TASK DIRECTIONS —
Skip the pictures, please, and write out exactly every line from the one containing "Wellplus ที่นอนยางพาราแท้ สัมผัสแน่น" through the end of the listing below.

DATA SHOWN —
= Beginning of Section =
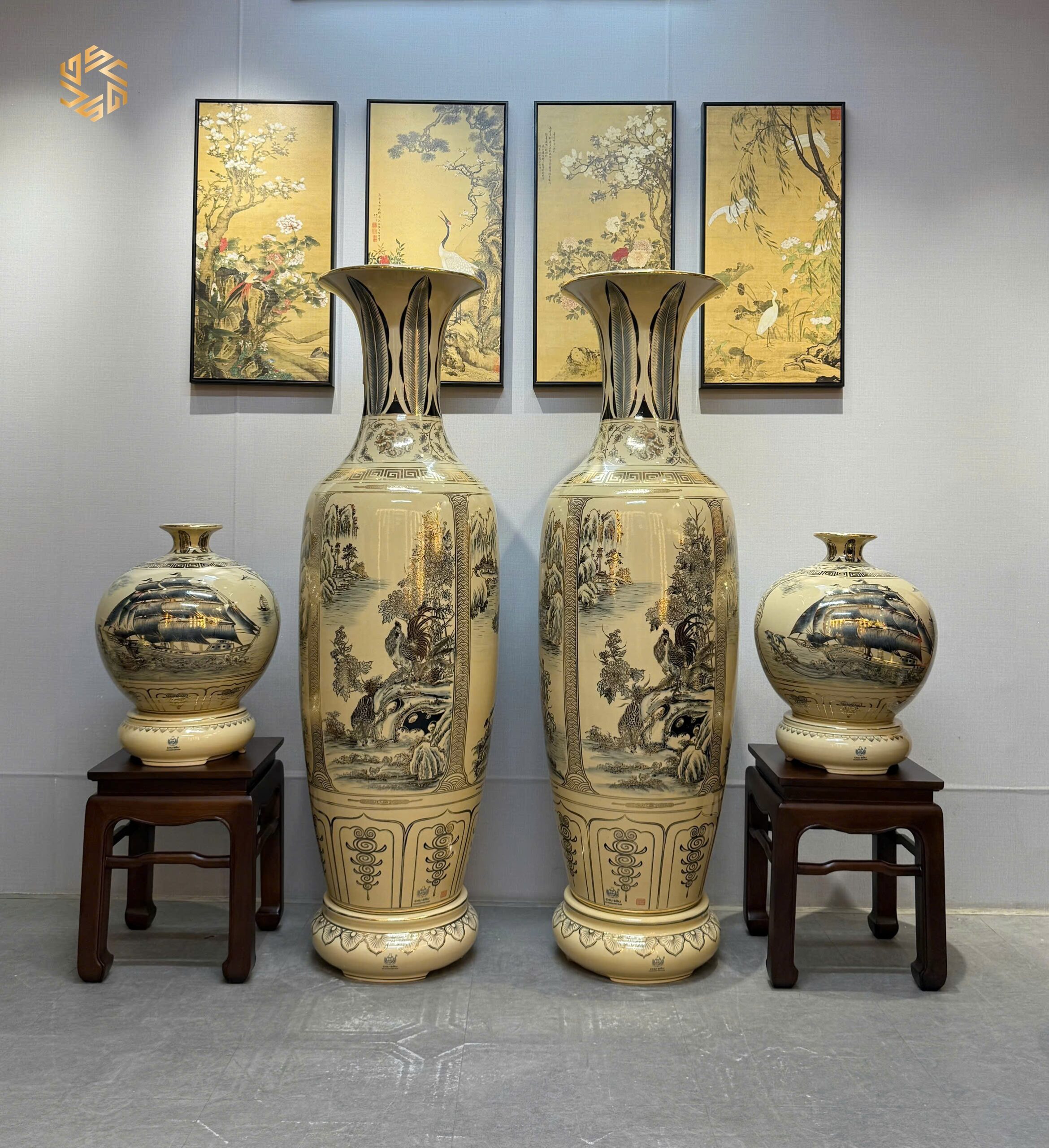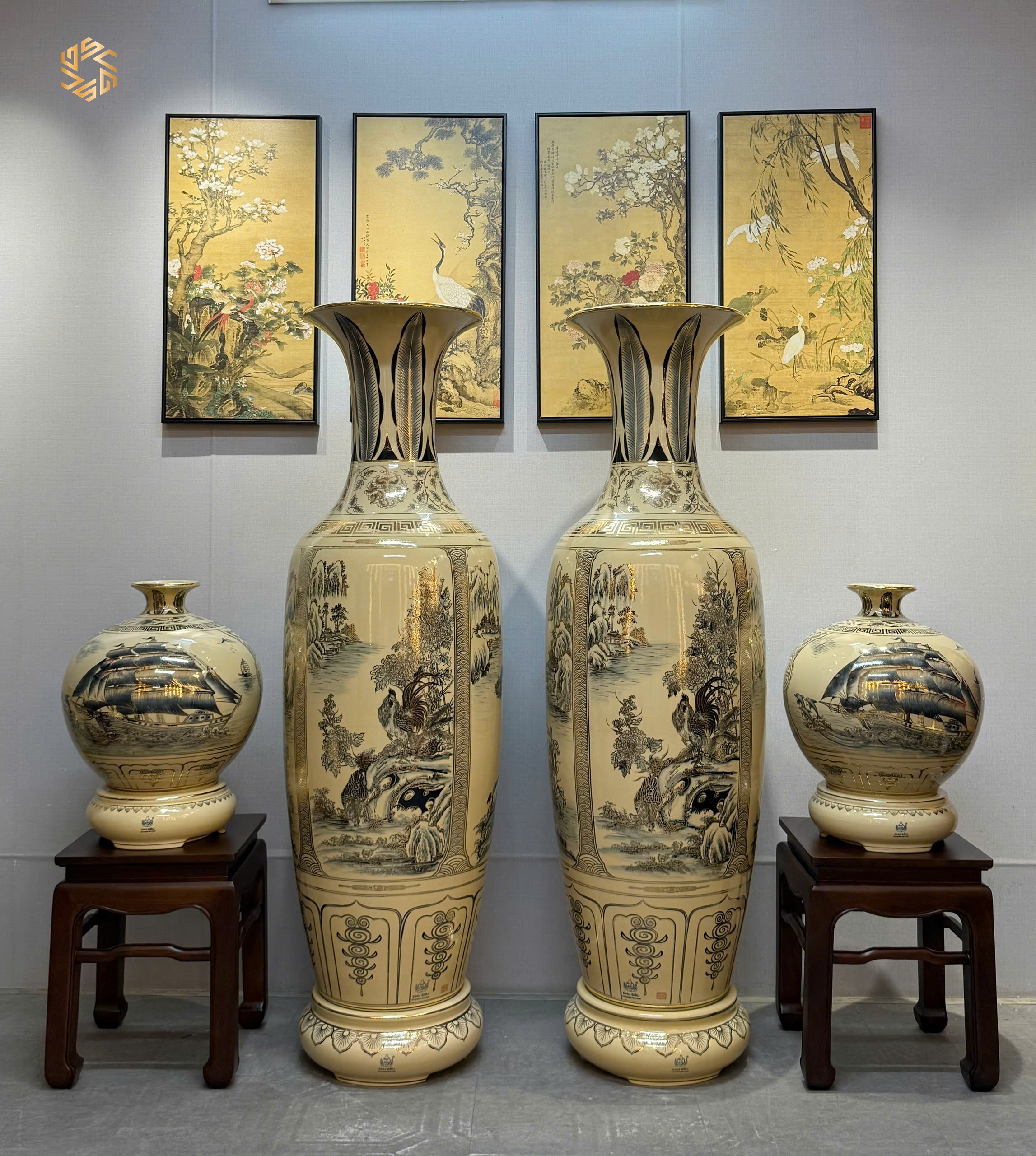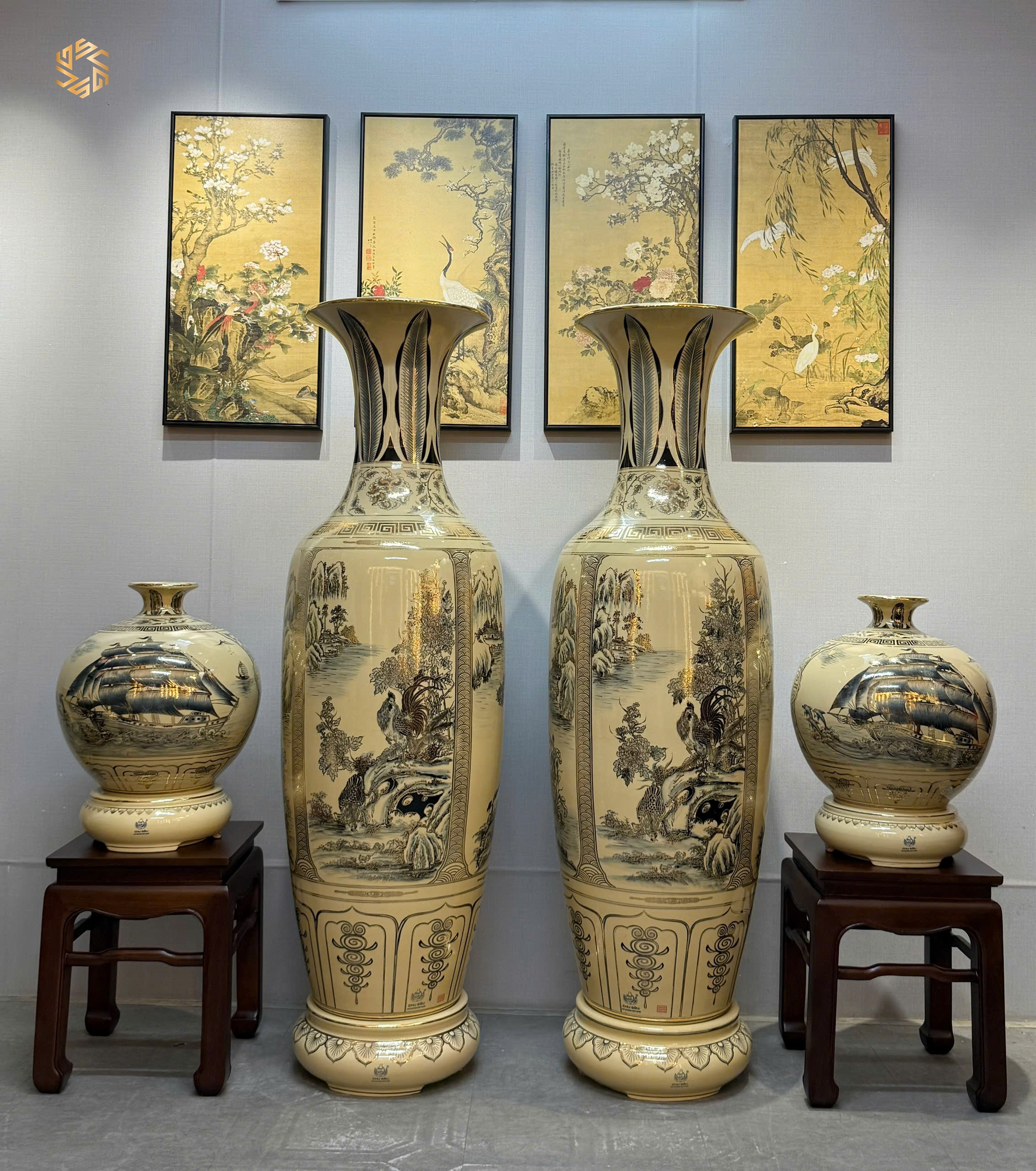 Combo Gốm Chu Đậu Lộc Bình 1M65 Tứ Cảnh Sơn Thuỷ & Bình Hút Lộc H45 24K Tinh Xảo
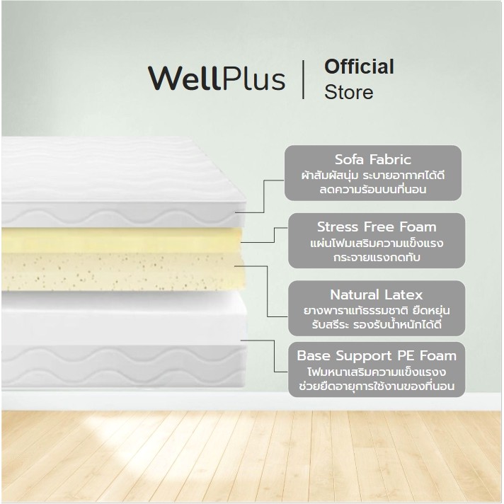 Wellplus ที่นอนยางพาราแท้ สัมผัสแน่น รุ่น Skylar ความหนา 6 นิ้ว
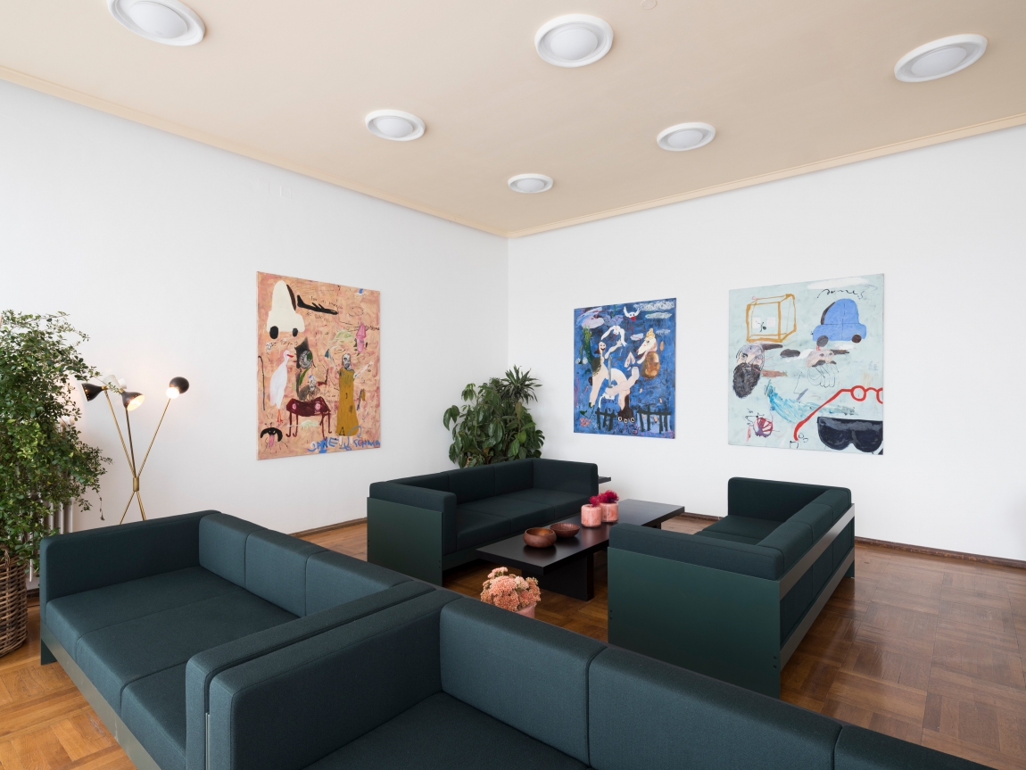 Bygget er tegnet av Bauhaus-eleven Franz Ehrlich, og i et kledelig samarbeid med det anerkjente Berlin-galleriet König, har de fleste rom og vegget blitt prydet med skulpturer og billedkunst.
= End of Section =
RESULT OF THE EXERCISE —
 Wellplus ที่นอนยางพาราแท้ สัมผัสแน่น รุ่น Skylar ความหนา 6 นิ้ว
 Bygget er tegnet av Bauhaus-eleven Franz Ehrlich, og i et kledelig samarbeid med det anerkjente Berlin-galleriet König, har de fleste rom og vegget blitt prydet med skulpturer og billedkunst.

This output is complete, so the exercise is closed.